SLEM Project

Goals of SLEM

In the project "Self-learning and self-explanatory machine" an intelligent assistance system is developed, which supports users of different expertise adaptively, both in the operation of (special) machines, as well as the guidance of special production processes of complex products. In the following, operation includes maintenance, repair, retrofitting and installation of the machines. For this purpose, state data of the machines and interaction data of the user are recorded with the help of built-in sensors, which is then used for the AI training. In this way, the self-learning and self-explanatory machine can observe the trained user and learn from this how it should be operated. As a result, it will be able to identify the user's information needs and guide them appropriately through complex processes.

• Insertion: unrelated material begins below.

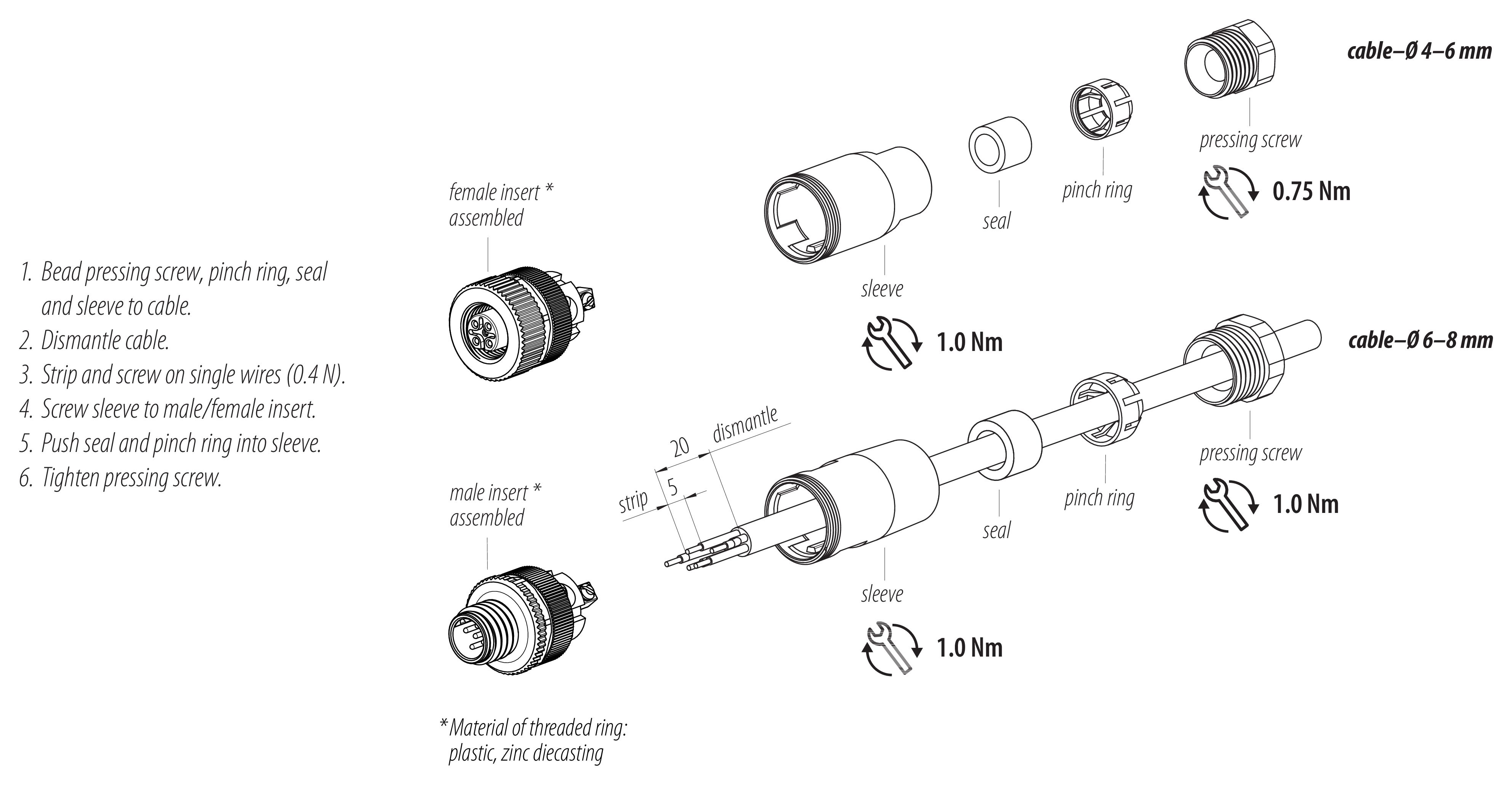 - Para bloquear el conector del cable con el conector del dispositivo, el anillo roscado se aprieta "apretado con la mano"(aprox. 60 cNm).
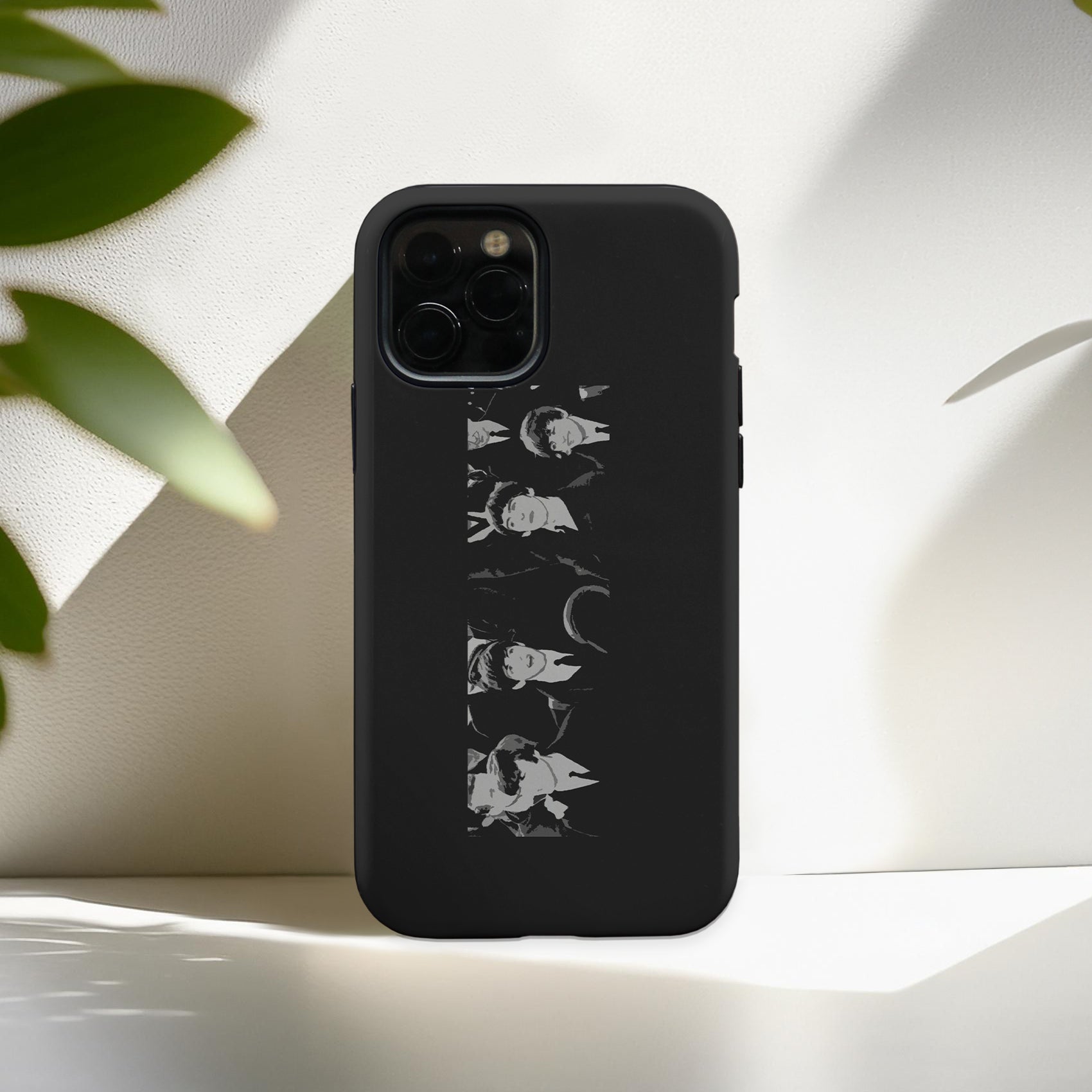 Protect your phone in style. Our tough cases combine a shatterproof outer with a soft silicone lining for maximum protection. Featuring a premium wraparound print with a matte finish. They’re durable, lightweight, and wireless charging-ready. This design features a grey outer shell wrap around and a black inner silicone lining.

The status data of the machines, e.g. temperature curves or specific movement states of robot arms, can often already be recorded by machine-internal sensors and read out externally. Interaction data from the user can be recorded by inputs at the user interfaces such as a touch display or directly via gestures for operation or also recognition of activities around the machine, e.g. opening, filling. The fusion of all available data with additional synthetically generated data enables a detailed observation of the processes.

Use cases

  • Special machinery maintenance
  • Operation of series machines by untrained workers
  • Production processes of complex products at machine-based workstations

Added value

  • Less training required
  • Improved overall plant quality
  • Higher quality of operating results and avoidance of rejects due to error prevention
  • Faster reaction times to unforeseeable situations
  • Increased competence of flexibly deployable employees
  • Higher product acceptance by users due to increased ease of operation
  • Time savings through faster operation
  • Customer loyalty through improved maintenance offer
  • Increase in work safety
  • Adaptation to new operating situations


The SLEM project is funded by the Baden-Württemberg Ministry of Economics, Labor and Housing as part of the Baden-Württemberg AI Innovation Competition.